Demography of a ground nesting bird in an urban system: are populations self-sustaining?

Abstract

Urbanization poses threats to earth’s biota, and retention of remnant native habitat in protected areas within expanding urban boundaries may help alleviate threats to wildlife. However, it is unclear for nearly all nonsynanthropic (i.e., not benefiting from an association with humans) species whether vital rates in urban habitats can sustain populations or if populations persist only through immigration from outside the urban boundary. We conducted a three-year study of spotted towhees (Aves: Pipilo maculatus) breeding in four undeveloped parks in Portland, OR, USA, to measure park-specific seasonal reproductive output (F) and annual adult survival (S_A). We developed a stochastic model that combined F and S_A with an estimate of first-year survival to measure population growth rate (λ) in all parks assumed to be closed to immigration. F differed among parks but S_A did not. Relatively high F was possible because many pairs raised >1 brood/season. When combined with empirical estimates of survival through the 30-day period of post-fledging parental care (S_D = 0.645), only 2 of 4 parks were self-sustaining (i.e., λ > 1.0). However, S_D reflected substantial loss of fledglings to domestic cats (Felis catus). Assuming no loss to cats and either partial compensatory or additive mortality of fledglings substantially improved prospects of population persistence for declining (sink) populations. Moreover, allowing low levels of immigration to sinks reversed population declines in most parks even when vital rates were insufficient to maintain populations. Our results suggest that nonsynanthropic bird species can persist in urban landscapes, but also that offspring mortality in the post-fledging period may be a critical determinant of population viability.

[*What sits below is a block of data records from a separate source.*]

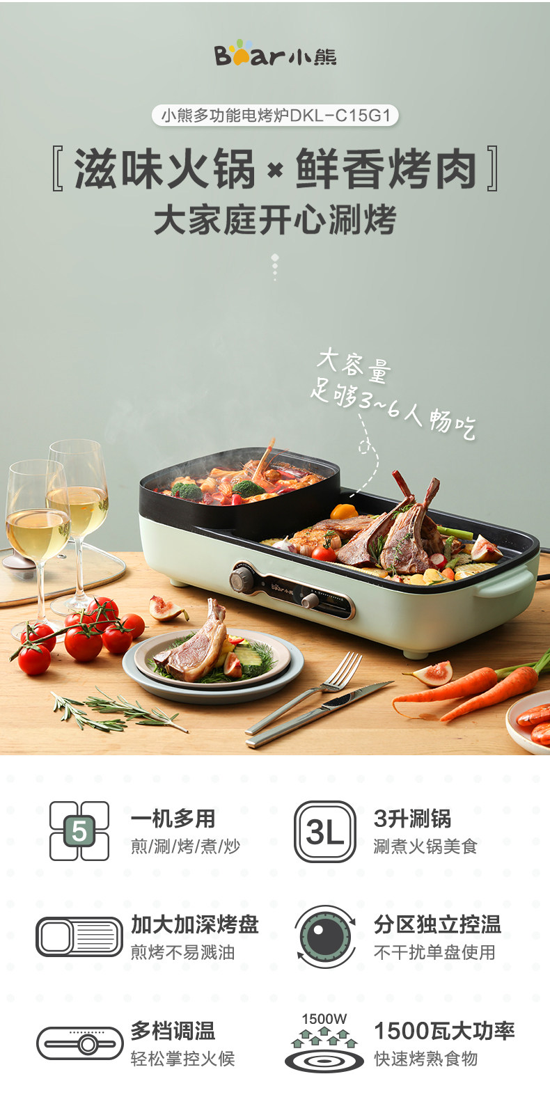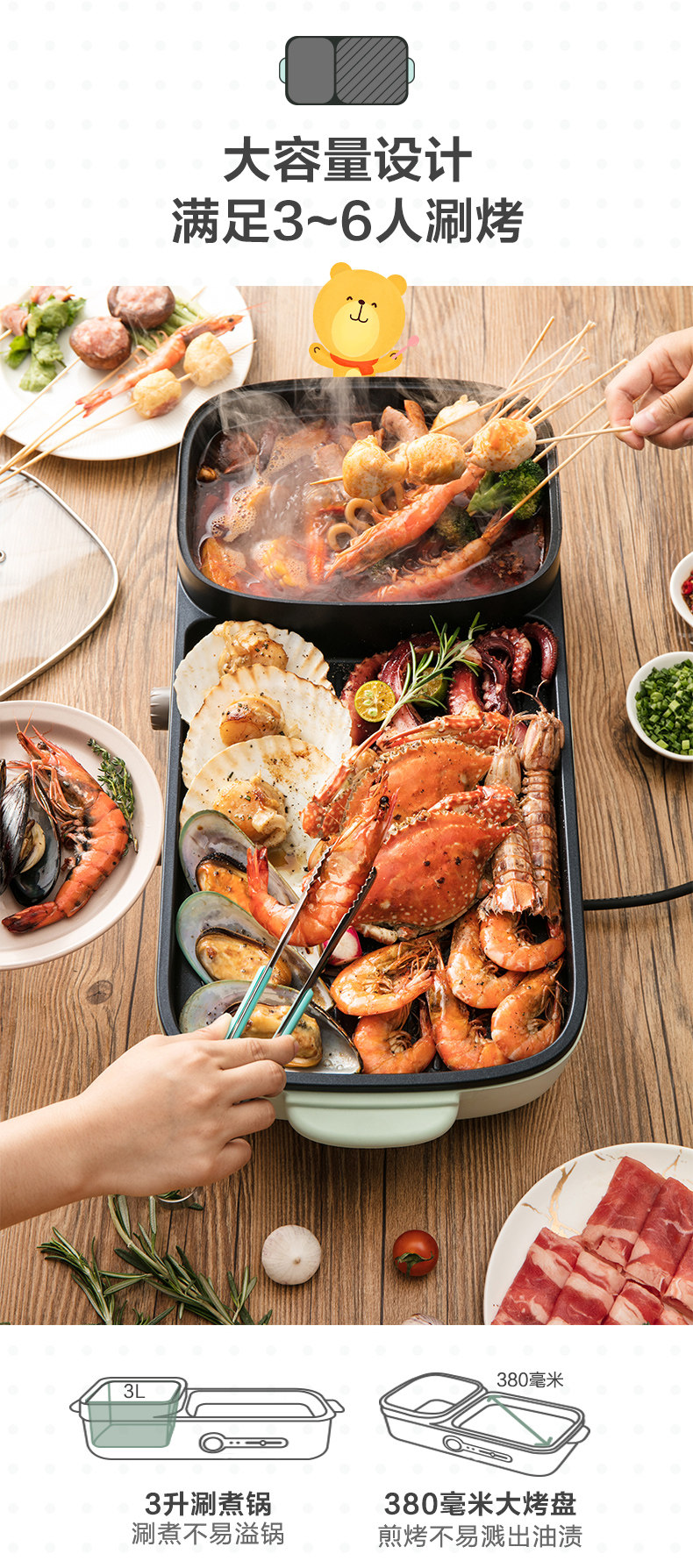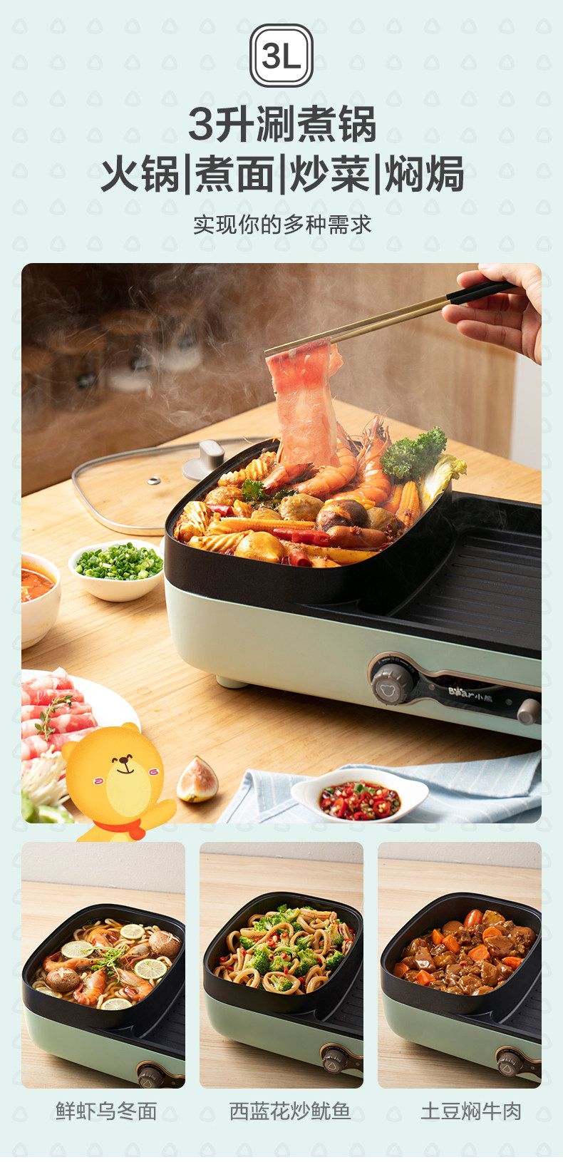 Маленькая медведя Электрическая пекарня мебель многофункциональная бездымная электрические пекари Баркот Barcut Machine Tie Board Hot Pot Барбекю интегрированный горшок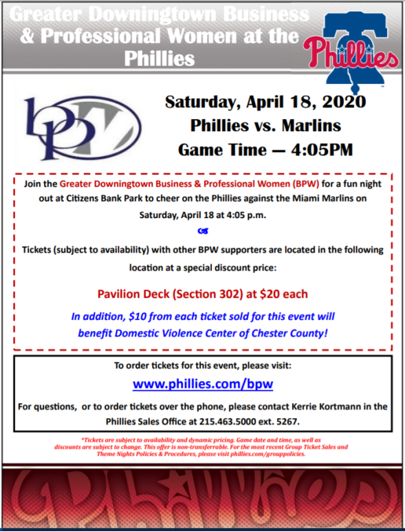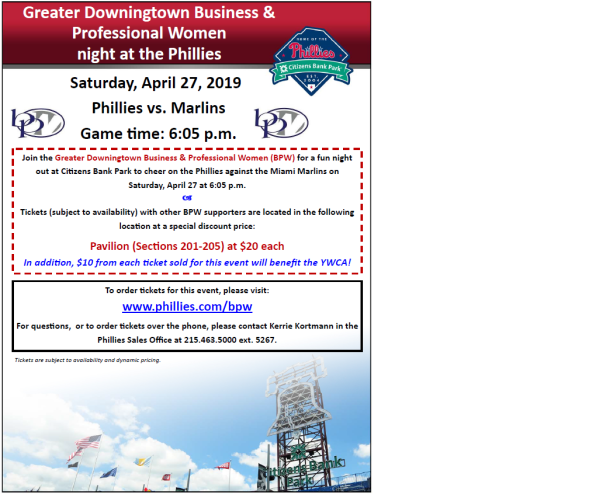 Greater Downingtown BPW will be contributing funds raised at our Phillies Night on April 27, 2019 at Citizens Bank Park to the YWCA. Tickets are on sale now at $20.00, with half the price of the ticket going to the YWCA. Visit www.phillies.com/bpw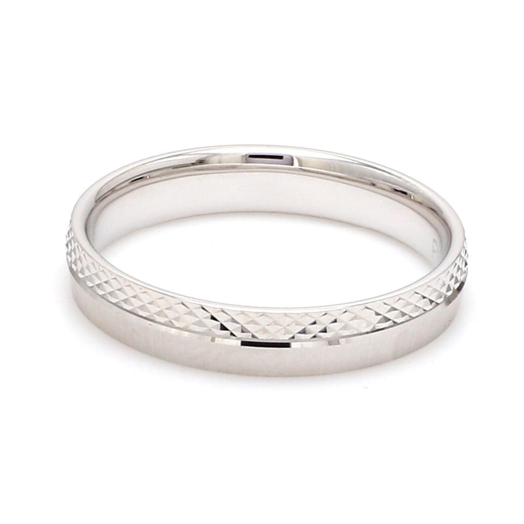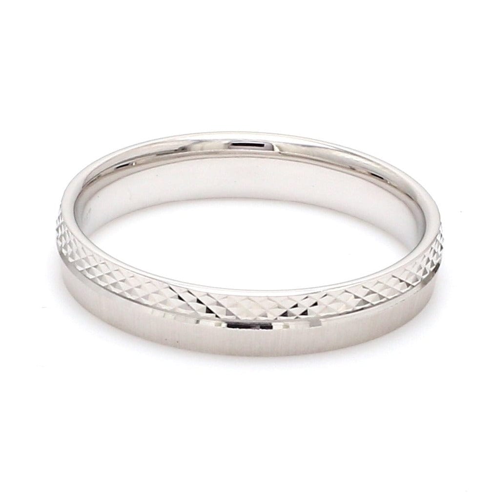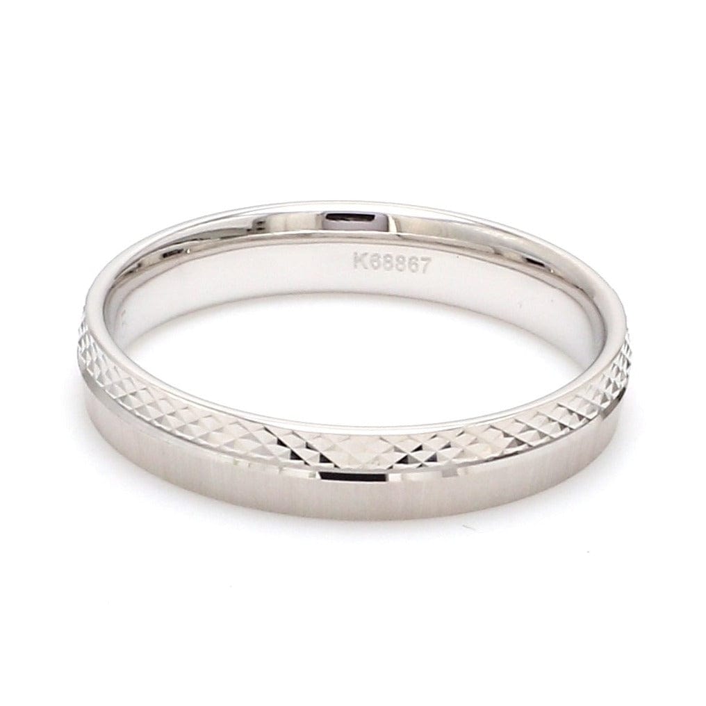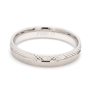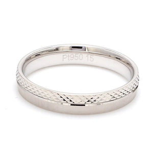 Designer platinum ring made in Japan. This ring has a unique rainbow finish on one half & a textured cut on the other half. Just like the two of you, uniquely complementing each other, being the better half for your beloved.

Appendix 1. Structure of the population model

Finite rate of increase (lambda; λ) is the metric that best describes population performance (Sibly and Hone 2002). Its value lies in its use of vital rates to calculate a rate of population change that can be used to assess current population status (e.g., Arlt et al. 2008) and project future population trends (a population with λ = 1.0 just replaces itself, while values < and >1.0 represent declining and growing populations, respectively). Among others, Pulliam (1988) described a simple population model in which λ was calculated using estimates of annual adult survival (S_A), seasonal production of young (F: reduced by 50 % to represent only females [F/2]), and survival of juveniles to their first year of breeding (S_Yr1):

$$ \lambda ={\mathrm{S}}_{\mathrm{A}}+\left(\mathrm{F}/2*{\mathrm{S}}_{Yr1}\right). $$

Few good estimates of S_Yr1 exist (but see Keyser et al. 2004, Zimmerman et al. 2007, Arlt et al. 2008, Tarof et al. 2011, Tarwater et al. 2011, Anderson et al. 2012, Redmond and Murphy 2012) because of low natal philopatry in most birds (Weatherhead and Forbes 1994) and the fact that permanent emigration cannot be separated from true mortality. Depending upon the species, improvements in the estimate of S_Yr1 might be possible if S_Yr1 could be subdivided into periods during which survival is either conveniently measured and/or which reflect distinct periods when survival is likely to differ (e.g., migration vs. winter residency for a migratory bird). Tarof et al. (2011), for instance, separated first-year survival of Purple Martins (Progne subis) into the post-fledging, pre-migratory roost period, and then migration-overwinter survival and derived estimates of survival for each.

Good estimates of offspring survival for the few weeks immediately following fledging exist for an increasing number of species (see Cox et al. 2014 for review), and the usual pattern is for mortality to be relatively heavy in the week after young leave the nest, then stabilize and remain relatively high for the remainder of the period of dependence (typically 2–4 weeks). It is the period between gaining independence and the next breeding season for which the greatest uncertainty in offspring survival exists. We therefore chose to identify two periods between fledging and first opportunity to breed to estimate S_Yr1: the immediate post-fledging period when young are dependent on parents for care, and the period of independence that follows and ends with the beginning of the next breeding season. For spotted towhees (Pipilo maculatus; hereafter towhees), these encompass ~30 days and ~10 months, respectively (about one month is spent in the nest as eggs/young). Towhees fledge young from early May to early August, and therefore fledglings must survive between 11 months (May to April) and 9 (August to April) before their first opportunity to breed. Given that we used total seasonal productivity as our estimate of F, we chose the midpoint of 10 months to estimate S_I.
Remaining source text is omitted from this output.